Copy each line of the records exactly, stopping only after the line that contains "MODEL:G43 PI4350201 TYPE:Semi-Auto" has been written, and leave pictures out.

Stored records
####

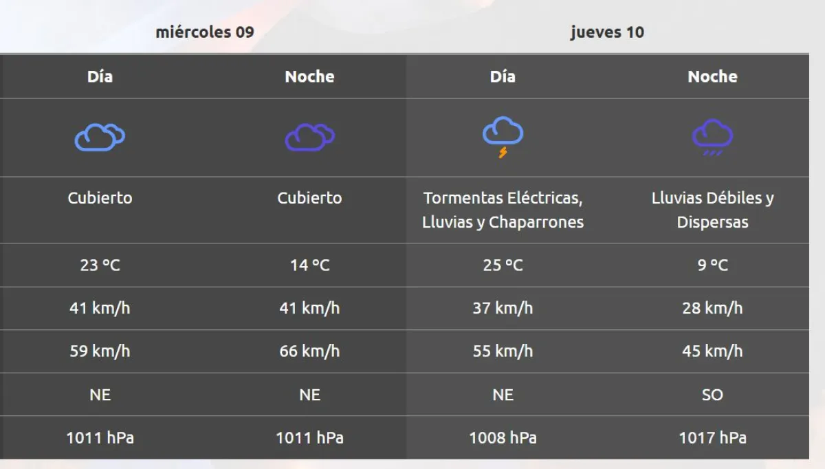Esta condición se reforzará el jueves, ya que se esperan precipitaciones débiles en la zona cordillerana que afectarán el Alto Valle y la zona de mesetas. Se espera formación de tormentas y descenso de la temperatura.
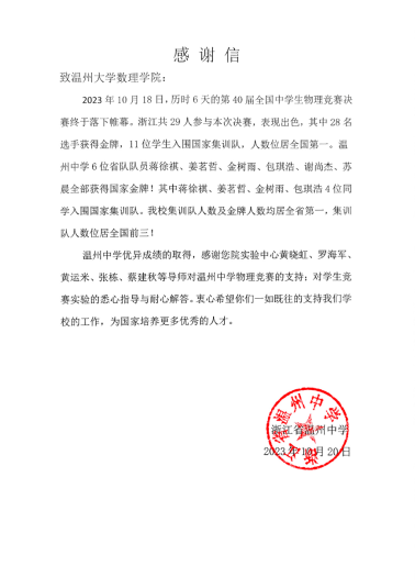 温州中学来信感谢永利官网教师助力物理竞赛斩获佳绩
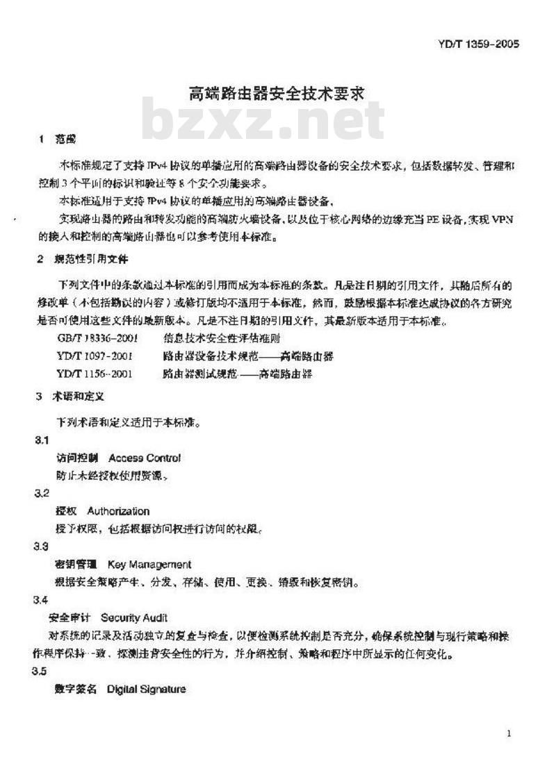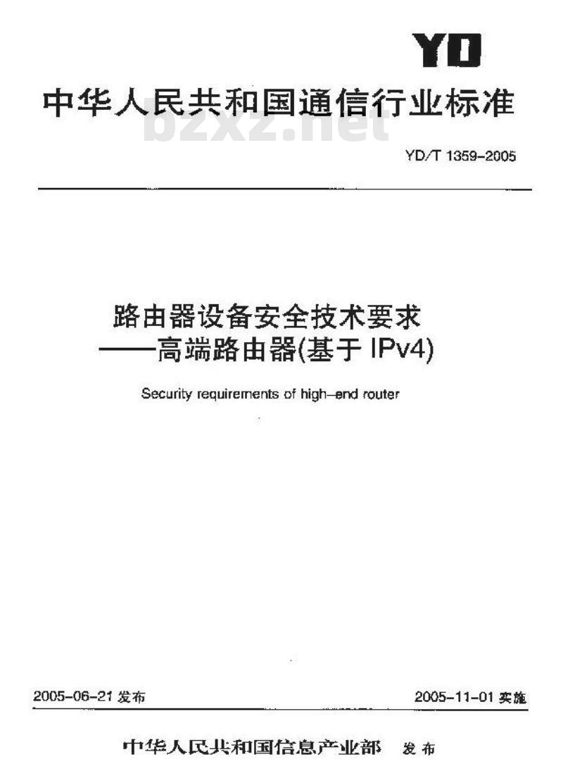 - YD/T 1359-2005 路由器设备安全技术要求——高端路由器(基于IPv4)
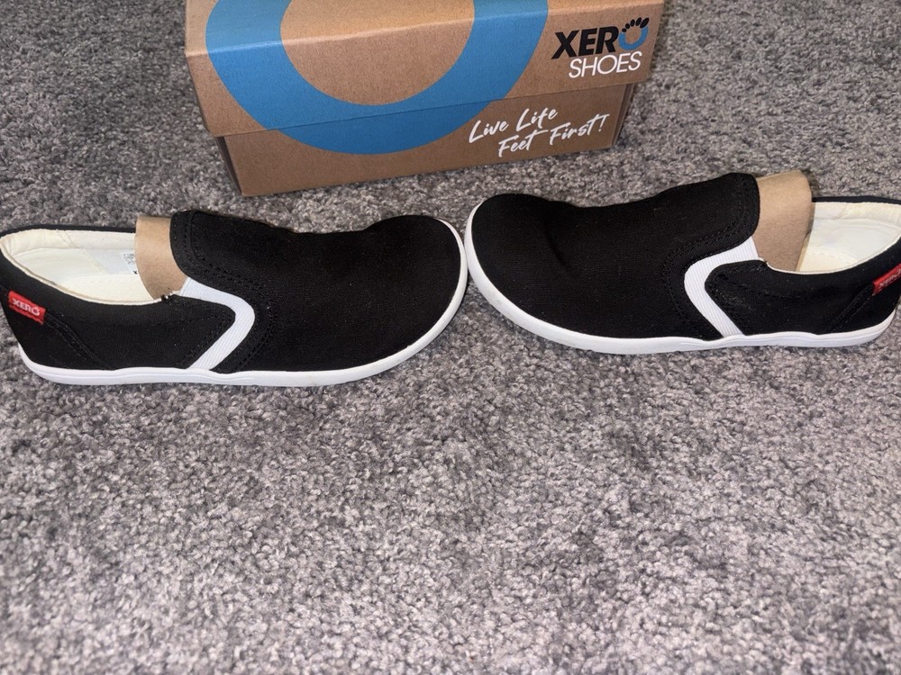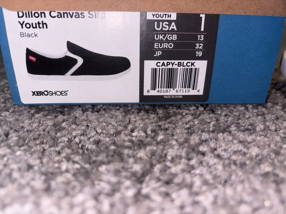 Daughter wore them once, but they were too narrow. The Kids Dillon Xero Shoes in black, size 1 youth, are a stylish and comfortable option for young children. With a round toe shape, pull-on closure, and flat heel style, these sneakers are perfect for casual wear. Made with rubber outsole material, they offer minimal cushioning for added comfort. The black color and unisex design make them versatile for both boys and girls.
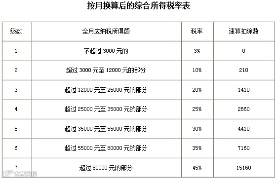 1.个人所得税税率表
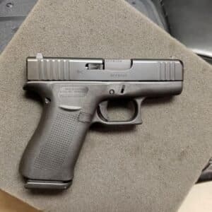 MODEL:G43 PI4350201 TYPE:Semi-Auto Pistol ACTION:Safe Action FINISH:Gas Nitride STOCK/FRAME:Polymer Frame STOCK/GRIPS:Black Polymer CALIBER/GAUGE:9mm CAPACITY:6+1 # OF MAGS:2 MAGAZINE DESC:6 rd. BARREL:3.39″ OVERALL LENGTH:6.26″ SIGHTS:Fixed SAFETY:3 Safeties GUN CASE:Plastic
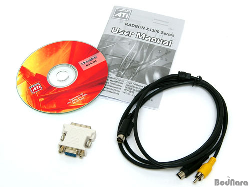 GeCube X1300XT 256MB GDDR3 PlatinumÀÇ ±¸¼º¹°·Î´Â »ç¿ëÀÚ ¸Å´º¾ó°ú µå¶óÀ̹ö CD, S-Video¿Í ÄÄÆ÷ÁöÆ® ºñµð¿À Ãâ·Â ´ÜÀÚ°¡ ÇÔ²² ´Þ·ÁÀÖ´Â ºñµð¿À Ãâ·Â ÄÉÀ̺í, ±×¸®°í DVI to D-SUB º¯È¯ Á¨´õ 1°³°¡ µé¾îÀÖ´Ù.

####

WORKED SOLUTION:
Esta condición se reforzará el jueves, ya que se esperan precipitaciones débiles en la zona cordillerana que afectarán el Alto Valle y la zona de mesetas. Se espera formación de tormentas y descenso de la temperatura.
 温州中学来信感谢永利官网教师助力物理竞赛斩获佳绩
 - YD/T 1359-2005 路由器设备安全技术要求——高端路由器(基于IPv4)
 Daughter wore them once, but they were too narrow. The Kids Dillon Xero Shoes in black, size 1 youth, are a stylish and comfortable option for young children. With a round toe shape, pull-on closure, and flat heel style, these sneakers are perfect for casual wear. Made with rubber outsole material, they offer minimal cushioning for added comfort. The black color and unisex design make them versatile for both boys and girls.
 1.个人所得税税率表
 MODEL:G43 PI4350201 TYPE:Semi-Auto Pistol ACTION:Safe Action FINISH:Gas Nitride STOCK/FRAME:Polymer Frame STOCK/GRIPS:Black Polymer CALIBER/GAUGE:9mm CAPACITY:6+1 # OF MAGS:2 MAGAZINE DESC:6 rd. BARREL:3.39″ OVERALL LENGTH:6.26″ SIGHTS:Fixed SAFETY:3 Safeties GUN CASE:Plastic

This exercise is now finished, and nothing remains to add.